For AutoML, users need to be educated. This is a new set of functionalities, and the market is unfamiliar with using it, says Dr Ioannis Tsamardinos, CEO and Co-founder at JADBio, in an exclusive interview where he discusses how AutoML is changing the face of ML-based solutions.
Is AutoML the future of machine learning? Do you see growing demand for improved models to solve new problems?
Dr Ioannis Tsamardinos: Yes. What we now call AutoML is the basic block for the machine learning (ML) of the future. No one will be programming ML pipelines from scratch in the near future. Just as no one is programming in assembly language these days, except, of course, in special cases and situations. Instead, the data analyst of the future will be customising AutoML tools. They will be focusing on formulating and representing the problem as an ML task, they will be focusing on interpreting results or extending AutoML tools with their novel algorithms.
Demand is growing in terms of constructing better models and providing better explanations and interpretations for these models and decision support for taking action based on the models’ predictions.
There is a growing demand for solving new types of problems. “Standard” AutoML deals with tabular data for the most part. These are cross-sectional data: snapshots of measurements on human subjects, tissues, cells, etc. As AutoML proves itself in terms of quality and ease of use, non-analysts overcome their phobia of ML analyses and want to apply it to all types of data, problems, and situations. So, we see Auto-Deep Learning (AutoDL) systems specifically for image, speech, and text analysis rising and AutoML for unsupervised learning. We are currently working on Auto Causal Discovery trying to automate the induction of causal models and relations. There are a great deal more ML tasks to automate such as learning from multivariate time-series, repeated measurements and longitudinal data, relational data, graph data, streaming data, and anomaly detection.

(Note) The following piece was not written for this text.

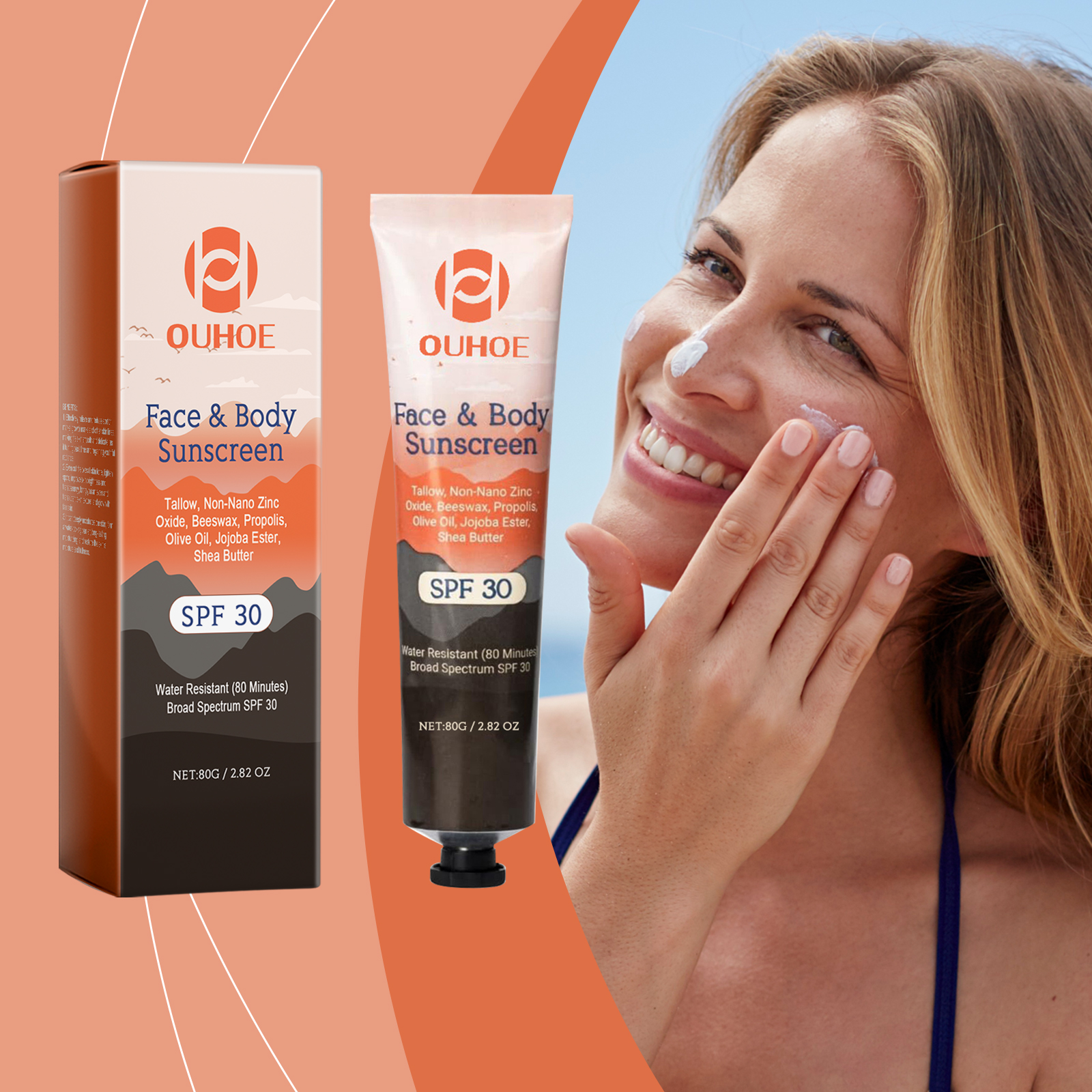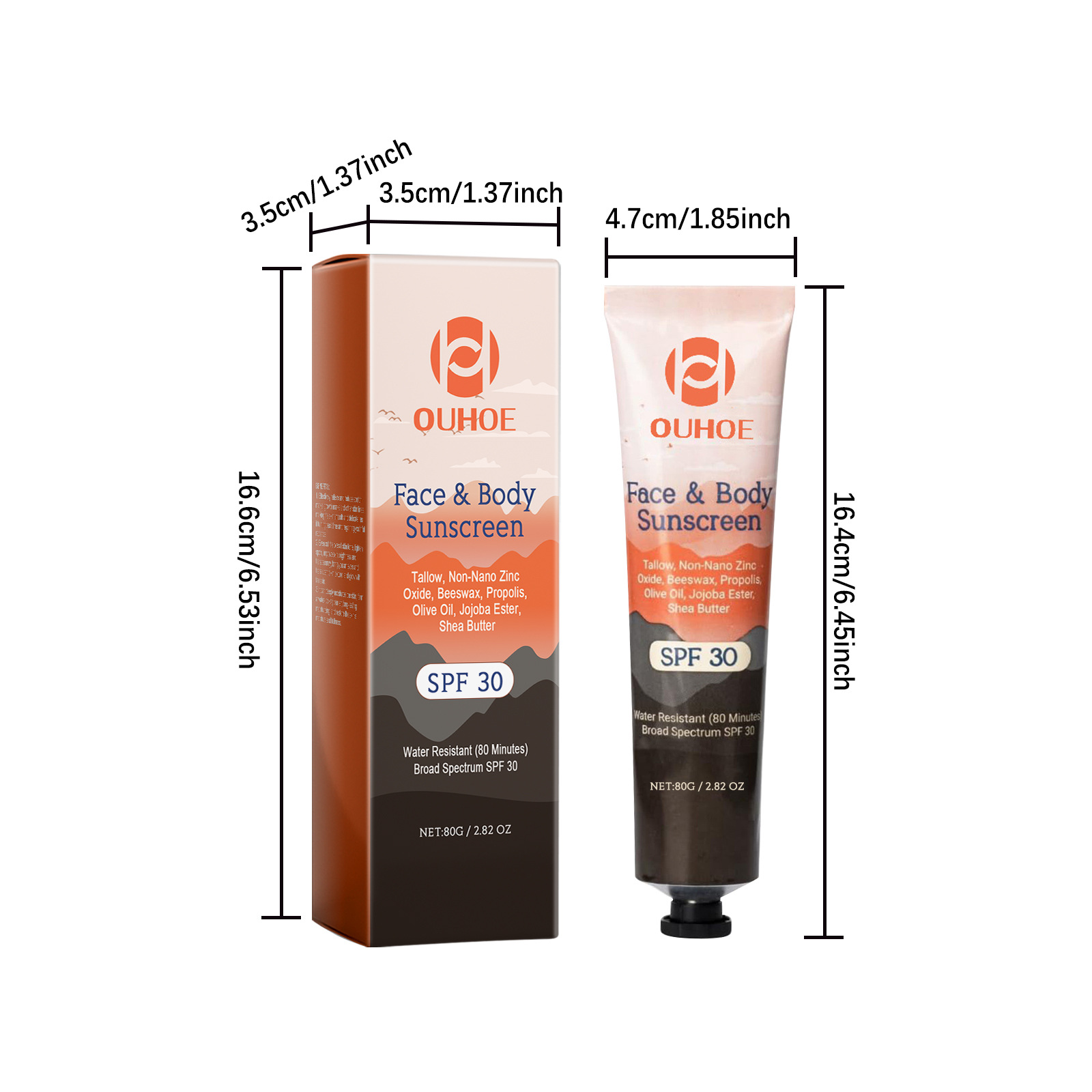 Our versatile protective moisturizer contains tallow, zinc oxide and beeswax. It can penetrate deep into the skin and lock in moisture. Provide the fatty acids needed by the skin; A protective layer can be formed to protect against UV damage. Deeply nourish skin, enhance skin elasticity, make skin smooth and delicate. Its use is simple: 1. Clean and dry the skin; 2. Apply appropriate amount of the product evenly on the skin; 3. Wait until the sunscreen has formed before going outside. Soothe the skin and speed up the repair process. Ballast oil and olive oil, continuously moisturizing, farewell to dry.

Healthcare companies often struggle with unlocking value from available data. How vital is AutoML in healthcare and life science?
Dr Tsamardinos: It’s extremely vital. Only 0.5 per cent of data worldwide are ever analysed. As you can imagine, the per cent that is correctly and optimally analysed, converted to knowledge and actionable decisions is arguably minuscule. This means lost opportunities for discovering new biology and medicine, for designing better diagnostics, identifying drug targets, repurposing drugs, optimising therapies, saving lives, and improving health, in general.
AutoML can significantly provide value to life sciences in several ways:
- It can drastically improve the productivity and throughput of analyses. Analyses that would otherwise take months, requiring a team of experts, can now be performed in minutes by a single non-expert.
- It directly connects the life scientist to the knowledge in the data. The analyst may help in preparing the analysis, but some AutoML platforms provide such rich, interactive visualisations and interpretations that allow the clinician to explore and comprehend the results of the analysis themselves. The analyst does not have to fully mediate the journey from data to knowledge. That could improve the quality of interpretations as the life scientist has the necessary domain knowledge.
- AutoML can reduce statistical methodological errors that creep into manually coded analyses, at least when AutoML is performed correctly.
Taken together these benefits could mean saving hundreds of thousands of dollars per year in analyst costs. It could also mean saving millions going after the wrong drug target or waiting for months to get results before designing the next diagnostic assay.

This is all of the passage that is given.